Crimea has become a hot spot in Russia’s war in Ukraine since it plays a crucial role in the plans of Ukraine’s leaders to restore their country’s territorial integrity. This discussion will provide context for a better understanding of the situation in Crimea, and insights into its military and regional security implications.
About the speakers
Ivan (John) Jaworsky is Professor Emeritus, Department of Political Science, University of Waterloo (retired in 2018). His research interests include dissent and its legacies in the Soviet Union and its successor states, regional issues and inter-ethnic relations in Ukraine, civil-military relations in Ukraine, and the politics of ethnicity in Canada. Between 2000 and 2010 he was a research associate with the “Building Democracy in Ukraine” and “Democratic Education in Ukraine” projects (Queen’s University). Beginning in 1997 and prior to 2013 Prof. Jaworsky made numerous trips to Crimea. He is the author of The Military-Strategic Significance of Recent Developments in Ukraine (1993), Ukraine: Stability and Instability (1995), and several articles. He also prepared, for publication, the memoirs of Ukraine’s first minister of defence, Kostiantyn Morozov (Above and Beyond, 2000), and of the political prisoner Danylo Shumuk (Life Sentence, 1984).

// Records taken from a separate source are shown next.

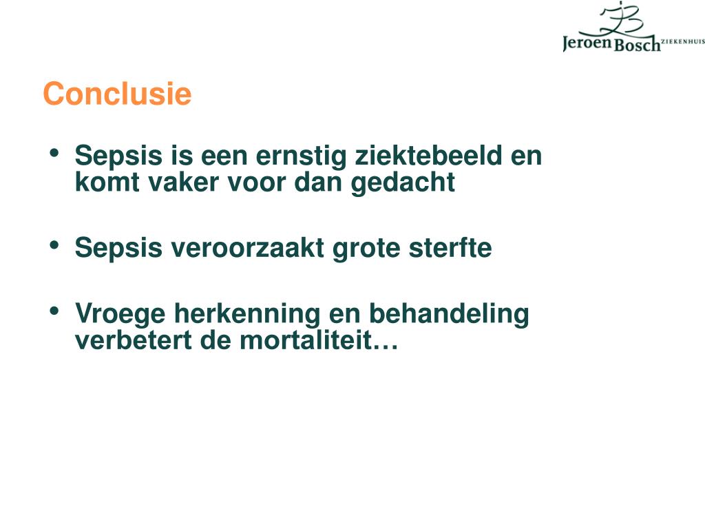 Conclusie • Sepsis is een ernstig ziektebeeld en komt vaker voor dan gedacht • Sepsis veroorzaakt grote sterfte • Vroege herkenning en behandeling verbetert de mortaliteit…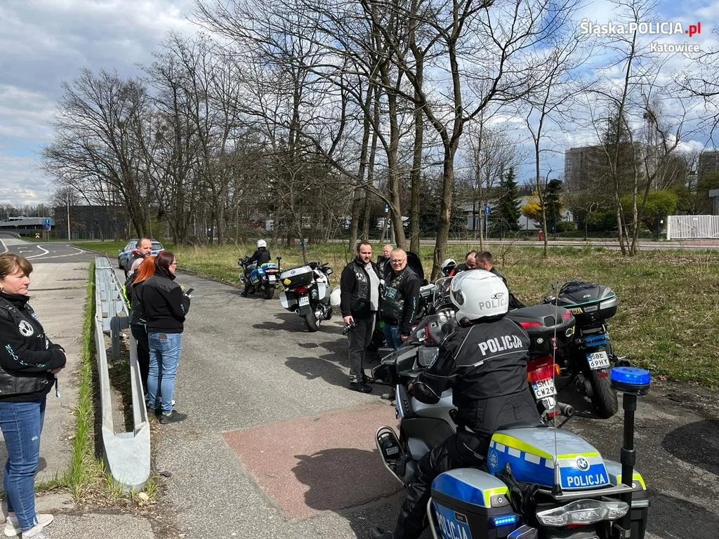 Policjanci Komendy Miejskiej Policji w Katowicach wraz z motocyklistami ze stowarzyszenia „Moto Pistons Górny Śląsk” przeprowadzili akcję „Patrz w lusterka — motocykle są wszędzie”.
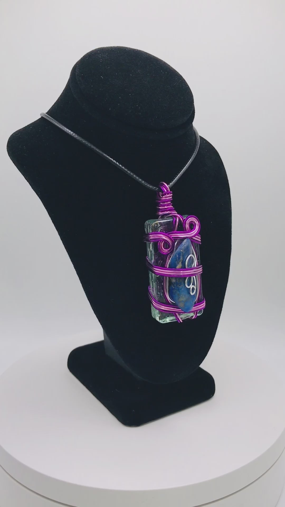 Rock & Glass Sodalite Blue Pink Purple and Silver Medium 1 1/2-2 inch Pendant

Alexander Lanoszka is Associate Professor in the Department of Political Science and the Balsillie School of International Affairs at the University of Waterloo. He is also Associate Fellow at the UK-based Council on Geostrategy, Senior Fellow at the Ottawa-based Macdonald-Laurier Institute, and a visiting professor at the College of Europe in Natolin, Poland. His research addresses alliance politics and military strategy, with a focus on East Central Europe. He has published in leading peer-reviewed journals such as International Security, International Affairs, and Security Studies. He has also co-written policy monographs on Baltic security and Taiwanese defence strategy. His books include Atomic Assurance: The Alliance Politics of Nuclear Proliferation (Cornell, 2018) and Military Alliances in the Twenty-First Century (Polity, 2022). He received his PhD from Princeton University.
Moderated by Ann Fitz-Gerald, Director, Balsillie School.